Dans ce contexte, certains accusés – Göring en tête – profitent de la lourdeur procédurale pour se réinstaller symboliquement dans le prétoire. Ils dénoncent le « procès-spectacle » et parlent notamment de « justice des vainqueurs », questionnant la légitimité des Alliés à les juger. Une rhétorique qui vise moins à convaincre le tribunal qu’à laisser planer le doute, et qui, dans une certaine mesure, porte ses fruits : l’unité morale des vainqueurs perd de son évidence et le procès de son dynamisme.

L’hostilité entre les journalistes devient de plus en plus prégnante, et les habitants du Palais Rouge se trouvent désormais très isolés du reste de la presse internationale. Pourtant, malgré ces tensions, le procès tient : il demeure un espace où, pour un temps, la justice prime sur les rivalités géopolitiques naissantes. En son sein, les États concurrents se soumettent volontairement à une procédure commune, et permettent à Nuremberg de persister en dépit des intérêts et opinions divergentes.

L’heure des pendus

A l’automne 1946, après des mois d’audiences, le procès de Nuremberg s’achemine lentement vers son terme. La lassitude est palpable dans la salle d’audience, chez les journalistes comme chez les juges, mais le moment décisif approche.

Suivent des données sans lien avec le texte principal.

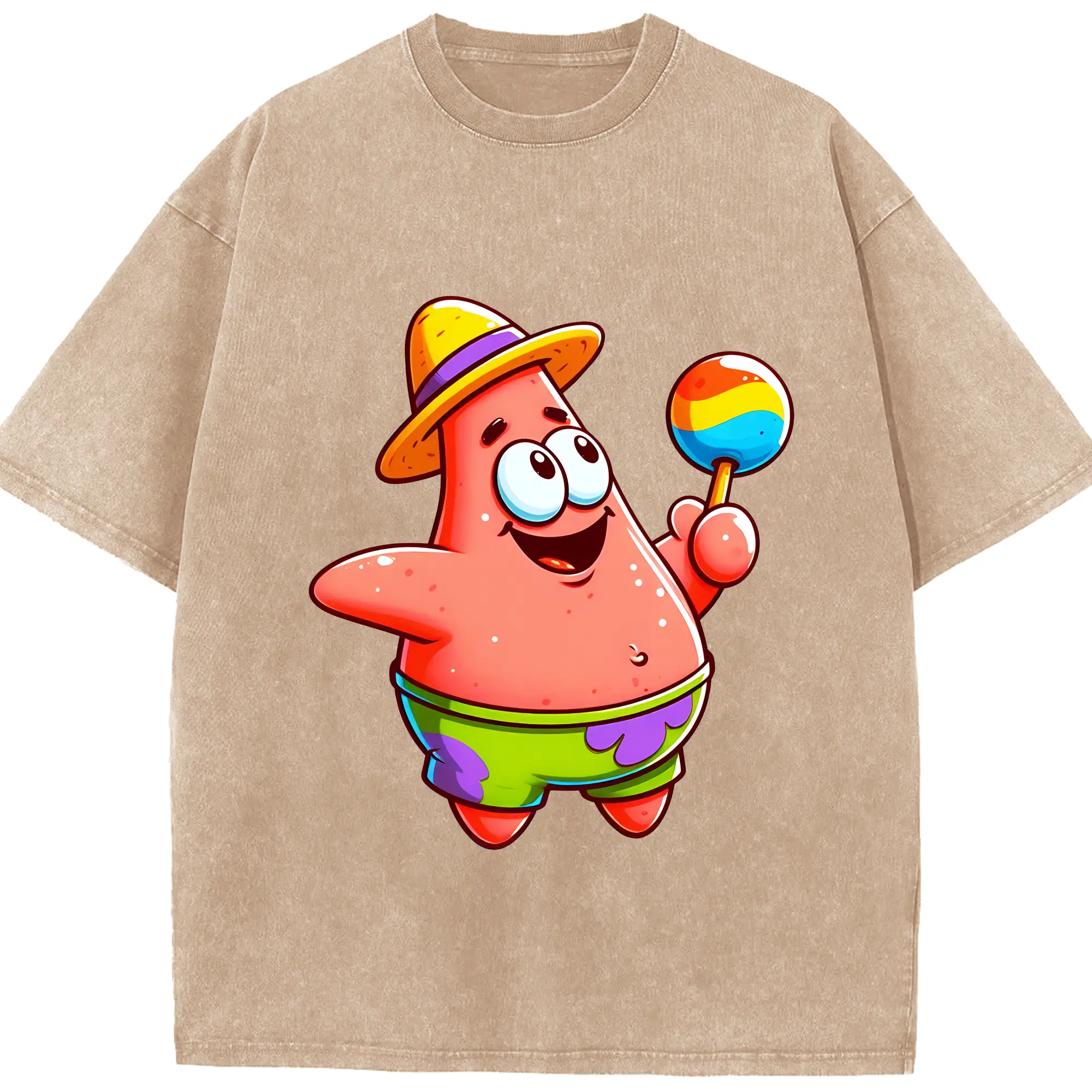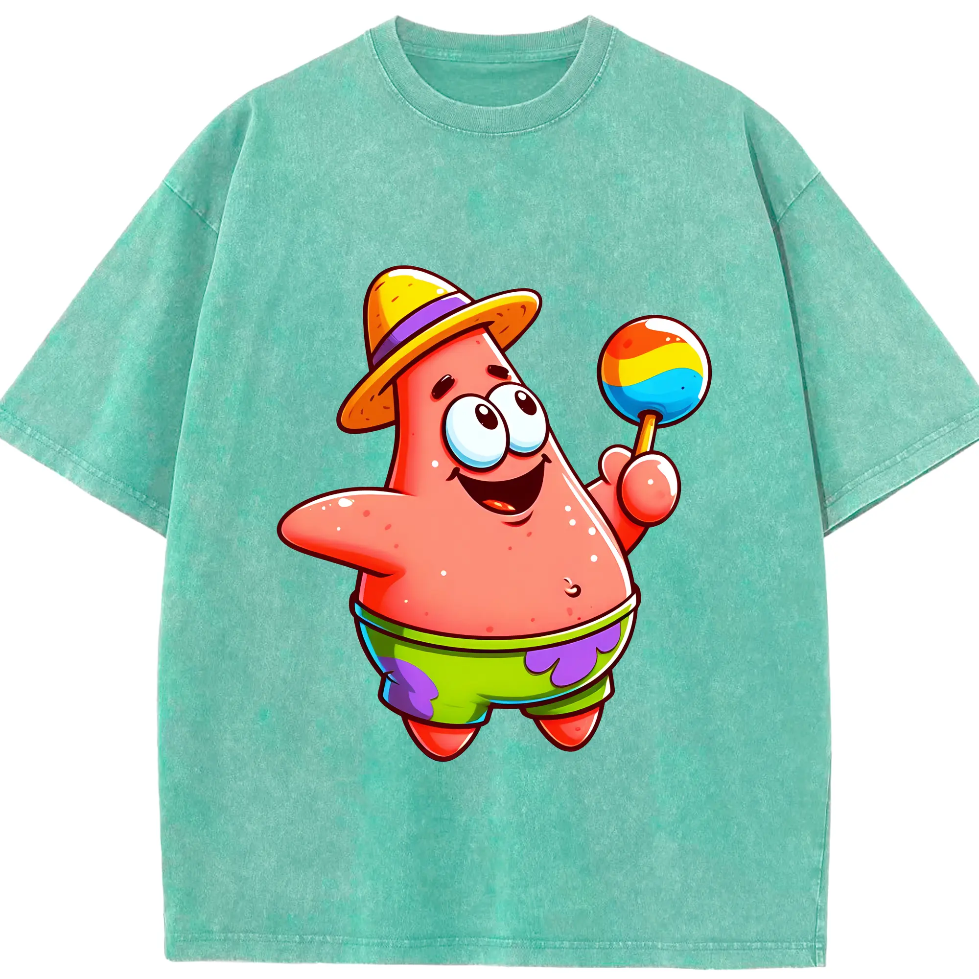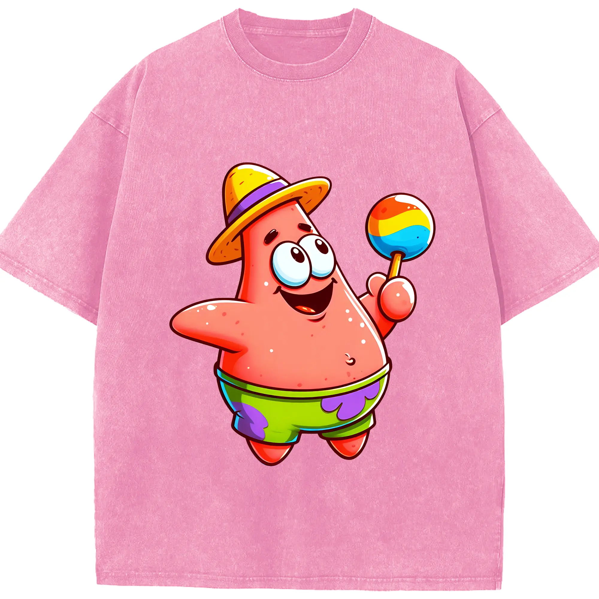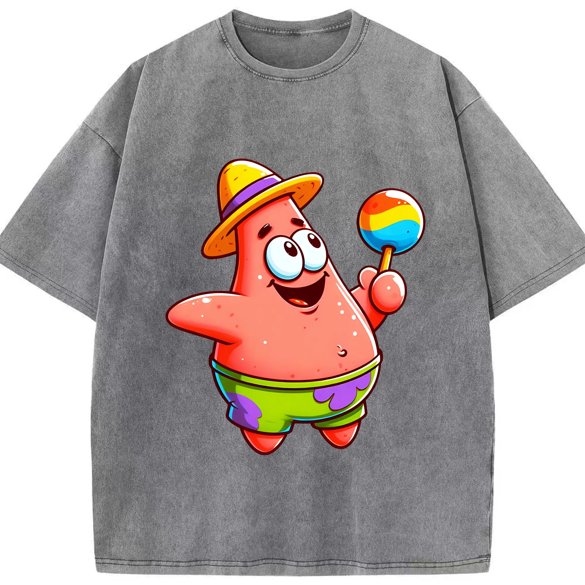スポンジボブ グッズ パトリック・スター - 綿100% ヴィンテージ風 半袖Tシャツ ・ 背面プリント ・ 柔らか肌触り ・ 通気性 快適 ・ スポーツ カジュアル 外出用

Le verdict tombe entre le 30 septembre et le 1ᵉʳ octobre 1946. Sur les vingt-et-un accusés jugés, douze sont condamnés à mort par pendaison, trois à la réclusion à perpétuité, quatre à de lourdes peines de prison. Trois sont acquittés. L’un des accusés majeurs, Hermann Göring, se suicide dans sa cellule quelques heures avant son exécution, ultime geste de défi envers une justice qu’il n’aura jamais reconnue.

Les pendaisons ont lieu dans la nuit du 15 au 16 octobre 1946, à la prison de Nuremberg. Elles se déroulent à huis clos, sans public, sans mise en scène spectaculaire. Ce choix n’est pas anodin : il s’agit précisément d’éviter que la justice ne bascule dans le théâtre de la vengeance.

Certains journalistes sont tirés au sort pour assister aux pendaisons. Pour la plupart, ce moment n’est synonyme d’aucune victoire, d’aucun triomphe. Ils retranscrivent ces moments avec une gravité presque sourde. Les pendaisons permettent de clore le chapitre du nazisme, mais n’effacent pas les morts dont il est à l’origine. Les corps sont ensuite incinérés et leurs cendres dispersées anonymement dans un affluent de l’Isar. L’objectif est d’empêcher toute future sacralisation ou tout lieu de pèlerinage nazi.

Conclusion : les États-Unis ont-ils renié Nuremberg ?

Nuremberg porte largement la marque des États-Unis, entre le cadre juridique, les moyens matériels, le dispositif médiatique, et surtout, la volonté de faire du procès une scène pédagogique mondiale. Il incarne alors un idéalisme fort qui se manifeste dans la conviction que le droit peut contenir la barbarie.

Son héritage est aujourd’hui à la fois omniprésent et menacé. De fait, l’actualité récente a vu les États-Unis imposer des sanctions contre des responsables de la Cour pénale internationale, notamment après les mandats d’arrêt visant des dirigeants israéliens dans le contexte de la guerre à Gaza. En décembre 2025, le secrétaire d’État Marco Rubio a annoncé des sanctions visant deux juges de la Cour pénale internationale. Ces mesures s’inscrivent dans une série commencée plus tôt en 2025, fondée sur un décret présidentiel. 

Le paradoxe est cruel : les États-Unis, artisans centraux du procès de Nuremberg, apparaissent désormais comme l’un des principaux adversaires politiques de la justice pénale internationale lorsqu’elle compromet leurs intérêts ou ceux de leurs alliés. Cette tension révèle une vérité inconfortable : le droit international tient que tant qu’il se soumet aux rapports de forces politiques.